Since late February 2003, CDC has been supporting the World Health Organization (WHO) in the investigation of a multicountry outbreak of atypical pneumonia being referred to as severe acute respiratory syndrome (SARS).
You are at risk of contracting SARS if you have returned from travel to parts of Asia, including China (Guangdong Province), Hong Kong, Singapore or Vietnam (Hanoi). Symptoms appear within 10 days of exposure. If you have been exposed and have symptoms you should see a doctor immediately.
Based on currently available evidence, close contact with an infected person poses the highest risk of the infective agent spreading from one person to another. To date, the majority of cases have occurred in hospital workers who have cared for SARS patients and close family members and other close contacts of these patients. However, the amount of the infective agent needed to cause an infection has not yet been determined. The SARS virus can live up to 4 days on a toilet seat.
The greatest protection is provided by the use of a surgical mask during any exposure – more effective than the use of a gown, gloves and hand washing combined.
Initial diagnostic testing for suspected SARS patients should include chest radiograph, pulse oximetry, blood cultures, sputum Gram's stain and culture, and testing for viral respiratory pathogens, notably influenza A and B and respiratory syncytial virus. A specimen for Legionella and pneumococcal urinary antigen testing should also be considered. Clinicians should save any available clinical specimens (respiratory, blood, and serum) for additional testing until a specific diagnosis is made.

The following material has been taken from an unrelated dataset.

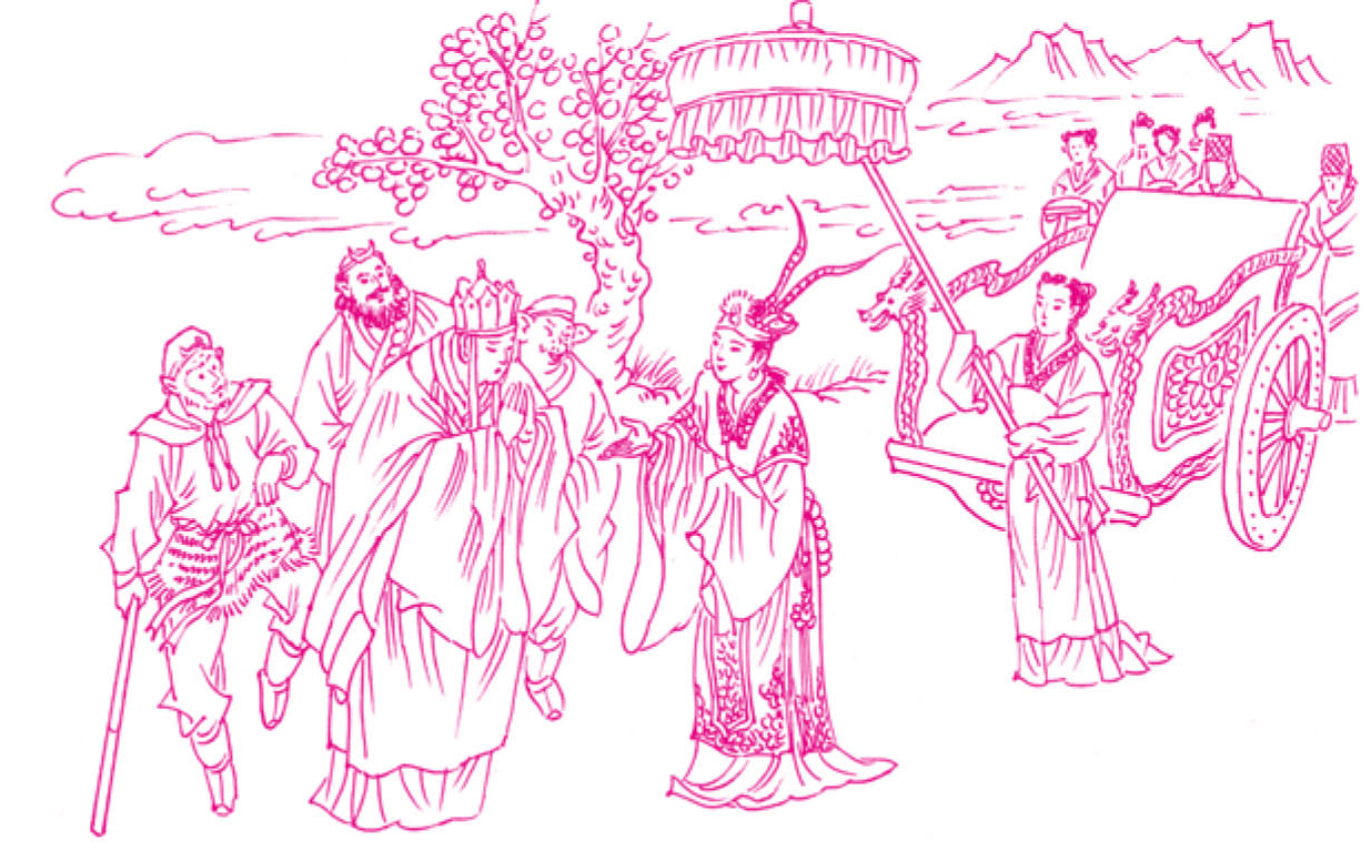二官拜毕起来,侍立左右,太师躬身道:“御弟爷爷,万千之喜了!此处乃西梁女国,国中自来没个男子。今幸御弟爷爷降临,臣奉我王旨意,特来求亲。”驿丞道:“下官才进朝启奏,我王十分欢喜,道夜来得一吉梦,梦见金屏生彩艳,玉镜展光明,知御弟乃中华上国男儿,我王愿招赘御弟爷爷为夫。传旨派太师做媒,下官主婚,故此特来求这亲事也。”唐僧闻言,低头不语。太师道:“大丈夫遇时不可错过,似此招赘之事,天下虽有,托国之富,世上实稀。请御弟速允,庶好回奏。”八戒在旁噘着嘴叫道:“太师,你去上复国王:我师父乃久修得道的罗汉,决不爱你托国之富,也不爱你倾国之容,快些儿倒换关文,打发他往西去,留我在此招赘,如何?”太师闻说,胆战心惊,不敢回话。驿丞道:“你虽是个男身,但只形容丑陋,不中我王之意。”悟空道:“呆子,勿得胡谈,任师父尊意,可行则行,可止则止,莫要耽搁了媒妁工夫。”唐僧道:“徒弟,我们在这里贪图富贵,谁却去西天取经?”太师道:“我王旨意,原只教求御弟为亲,教你三位徒弟赴了会亲筵宴,发付领给,倒换关文,往西天取经去哩。”悟空道:“太师说得有理,我等不必作难,情愿留下师父,与你主为夫,快换关文,打发我们西去,待取经回来,好到此拜爷娘,讨盘缠,回大唐也。”那太师与驿丞对悟空作礼道:“多谢老师玉成[3]之恩!”便欢天喜地回奏女主去了。唐僧一把扯住悟空,骂道:“你这猴头,弄杀我也!怎么说出这般话来,教我在此招婚,你们西天拜佛,我就死也不敢如此。”悟空道:“师父放心,老孙岂不知你性情。但只是到此地,遇此人,不得不将计就计!”唐僧道:“怎么叫作将计就计?”悟空道:“你若使住法儿不允他,他便不肯倒换关文,不放我们走路。我等一定要使出降魔荡怪的神通。你知我们的手脚又重,器械又凶,但动动手儿,这一国的人尽打杀了。他虽然阻挡我等,却不是怪物妖精,若打杀无限的平人,你心何忍!”唐僧听说,道:“悟空,此论最善。但我怎肯败坏了佛家德行?”悟空道:“今日允了亲事,他一定以皇帝礼,摆驾出城接你。你更不要推辞,就坐她凤辇[4]龙车,登宝殿,面南坐下,问女王取出御宝印信来,宣我们兄弟进朝,把通关文牒用了印,再请女王写个手字花押,签押了交付与我们。再摆筵宴,就当与女王会喜,就与我们送行。待筵宴已毕,再叫排驾,只说送我们三人出城,回来与女王成婚。哄得她君臣欢悦,更无阻挡之心,亦不起毒恶之念。却待送出城外,你下了龙车凤辇,教沙僧伺候左右,服侍你骑上白马,老孙却使个定身法儿,教他君臣人等皆不能动,我们顺大路只管西行。行得一昼夜,我却念个咒,解了术法,还教他君臣们苏醒回城。一则不伤了他的性命,二来不损了你的元神。这叫作假亲脱网之计,岂非一举两全之美也?”唐僧闻言,如梦方醒,称谢不尽,四众同心合意,商量好细节。太师与驿丞回奏女王,唐僧答应招亲,女王喜不自胜。即传旨教光禄寺排宴,然后排大驾,出城迎接夫君。众女官即钦遵王命,打扫宫殿,铺设庭台。唐僧师徒听说女王驾到,急忙整衣出厅迎驾。女王一见唐僧,果然一表人才,不禁心欢意美,开口邀请唐僧与自己同乘凤辇。唐僧闻言,面红耳赤,羞答答地不敢抬头。那女王见唐僧不言,走近前来,一把扯住唐僧,俏语娇声,叫道:“御弟哥哥,请上龙车,和我同上金銮宝殿,匹配夫妇去。”唐僧战兢兢站不住,悟空在侧教道:“师父不必太谦,请共师娘上辇,快快倒换关文,等我们取经去罢。”唐僧不敢回言,止不住落下泪来,悟空道:“师父切莫烦恼,这般富贵,不受用还待怎么哩?”唐僧没奈何,只得依从,揩了眼泪,强整欢容,移步近前,与女王共坐龙车。
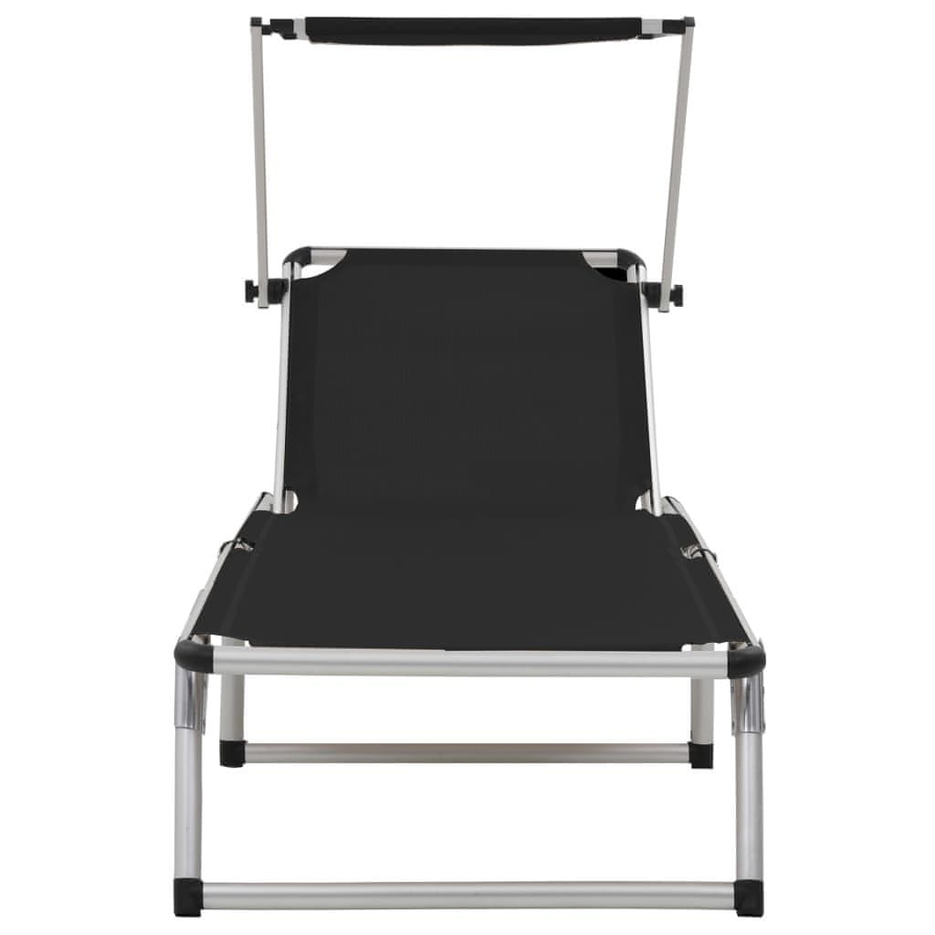 Vidaxl Zložljiv ležalnik s streho 2 kosa aluminij in tekstil črn

Acute and convalescent (greater than 21 days after onset of symptoms) serum samples should be collected from each patient who meets the SARS case definition. Paired sera and other clinical specimens can be forwarded through State and local health departments for testing at CDC. Specific instructions for collecting specimens from suspected SARS patients are available.
No specific treatment recommendations can be made at this time. Empiric therapy should include coverage for organisms associated with any community-acquired pneumonia of unclear etiology, including agents with activity against both typical and atypical respiratory pathogens. Treatment choices may be influenced by severity of the illness. Infectious disease consultation is recommended.